> **RECORDED INFORMATION**
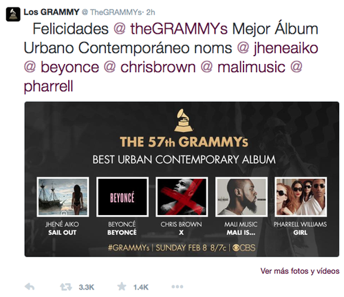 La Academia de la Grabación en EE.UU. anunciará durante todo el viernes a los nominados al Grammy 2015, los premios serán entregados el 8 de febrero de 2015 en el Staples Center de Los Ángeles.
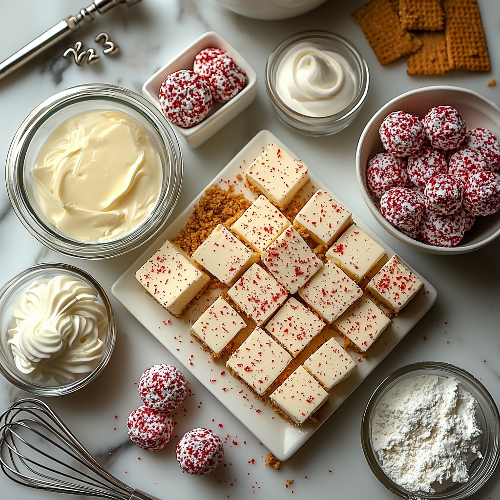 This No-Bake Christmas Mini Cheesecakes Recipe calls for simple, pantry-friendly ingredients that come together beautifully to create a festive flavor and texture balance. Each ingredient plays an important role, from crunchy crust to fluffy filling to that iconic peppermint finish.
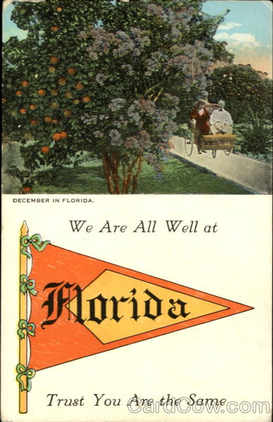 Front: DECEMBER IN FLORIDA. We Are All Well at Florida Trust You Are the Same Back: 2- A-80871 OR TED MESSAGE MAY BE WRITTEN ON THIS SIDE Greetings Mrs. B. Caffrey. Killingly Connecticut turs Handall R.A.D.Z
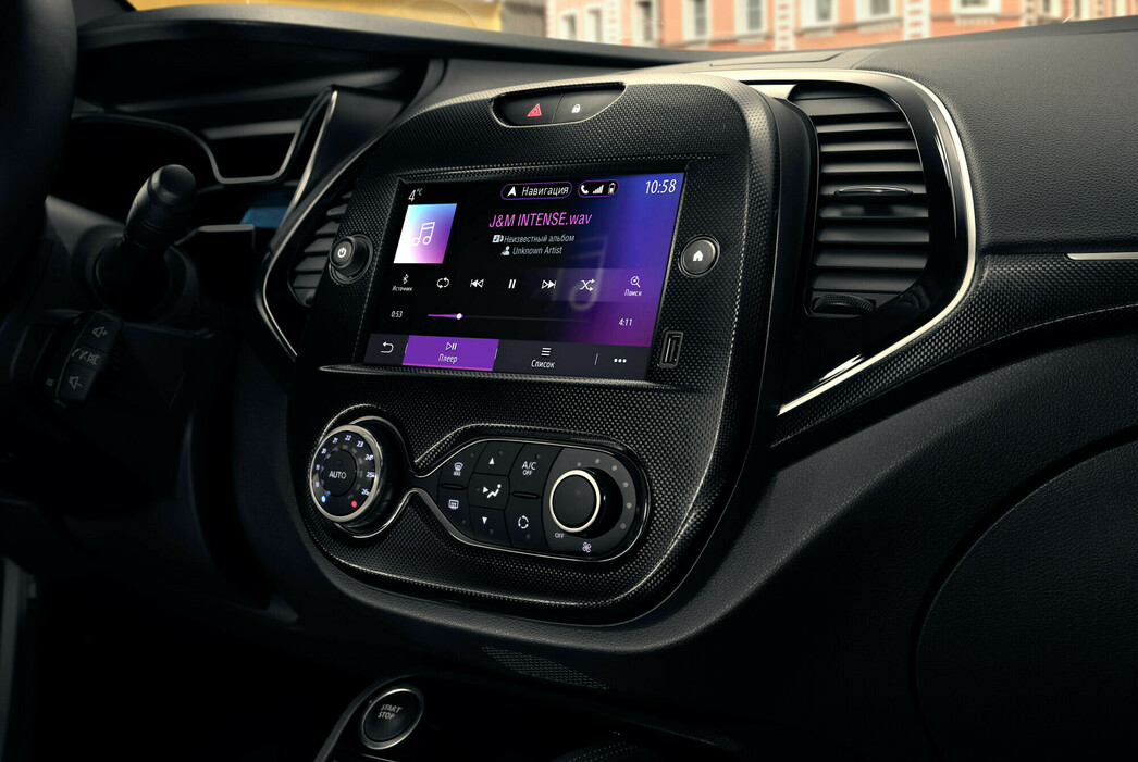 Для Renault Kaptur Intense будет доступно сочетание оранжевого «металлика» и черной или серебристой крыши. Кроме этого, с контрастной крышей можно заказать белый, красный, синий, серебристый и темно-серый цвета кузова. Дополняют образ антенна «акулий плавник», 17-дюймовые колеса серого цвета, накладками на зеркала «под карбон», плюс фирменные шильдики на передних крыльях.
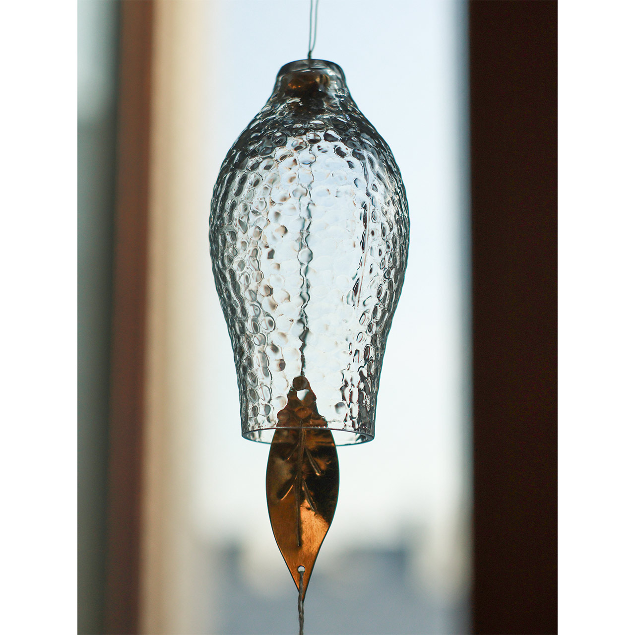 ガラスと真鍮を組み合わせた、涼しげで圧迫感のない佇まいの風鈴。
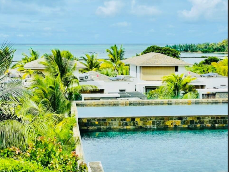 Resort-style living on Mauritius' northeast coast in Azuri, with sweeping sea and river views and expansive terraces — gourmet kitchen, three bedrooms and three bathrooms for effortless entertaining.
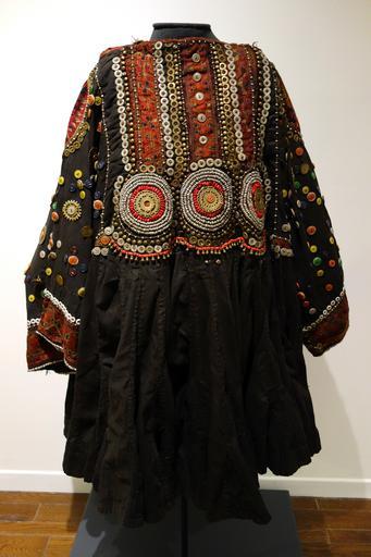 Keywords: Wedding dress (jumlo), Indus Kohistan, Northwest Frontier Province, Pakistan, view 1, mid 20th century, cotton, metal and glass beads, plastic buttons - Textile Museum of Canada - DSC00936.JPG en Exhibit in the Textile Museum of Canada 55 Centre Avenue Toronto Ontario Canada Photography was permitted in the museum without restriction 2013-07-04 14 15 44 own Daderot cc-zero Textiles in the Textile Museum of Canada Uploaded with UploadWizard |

> **REQUIRED ACTION**
Since the listing holds pictures, return everything else in it exactly and omit those.

> **OUTPUT OF THE EXERCISE**
 La Academia de la Grabación en EE.UU. anunciará durante todo el viernes a los nominados al Grammy 2015, los premios serán entregados el 8 de febrero de 2015 en el Staples Center de Los Ángeles.
 This No-Bake Christmas Mini Cheesecakes Recipe calls for simple, pantry-friendly ingredients that come together beautifully to create a festive flavor and texture balance. Each ingredient plays an important role, from crunchy crust to fluffy filling to that iconic peppermint finish.
 Front: DECEMBER IN FLORIDA. We Are All Well at Florida Trust You Are the Same Back: 2- A-80871 OR TED MESSAGE MAY BE WRITTEN ON THIS SIDE Greetings Mrs. B. Caffrey. Killingly Connecticut turs Handall R.A.D.Z
 Для Renault Kaptur Intense будет доступно сочетание оранжевого «металлика» и черной или серебристой крыши. Кроме этого, с контрастной крышей можно заказать белый, красный, синий, серебристый и темно-серый цвета кузова. Дополняют образ антенна «акулий плавник», 17-дюймовые колеса серого цвета, накладками на зеркала «под карбон», плюс фирменные шильдики на передних крыльях.
 ガラスと真鍮を組み合わせた、涼しげで圧迫感のない佇まいの風鈴。
 Resort-style living on Mauritius' northeast coast in Azuri, with sweeping sea and river views and expansive terraces — gourmet kitchen, three bedrooms and three bathrooms for effortless entertaining.
 Keywords: Wedding dress (jumlo), Indus Kohistan, Northwest Frontier Province, Pakistan, view 1, mid 20th century, cotton, metal and glass beads, plastic buttons - Textile Museum of Canada - DSC00936.JPG en Exhibit in the Textile Museum of Canada 55 Centre Avenue Toronto Ontario Canada Photography was permitted in the museum without restriction 2013-07-04 14 15 44 own Daderot cc-zero Textiles in the Textile Museum of Canada Uploaded with UploadWizard |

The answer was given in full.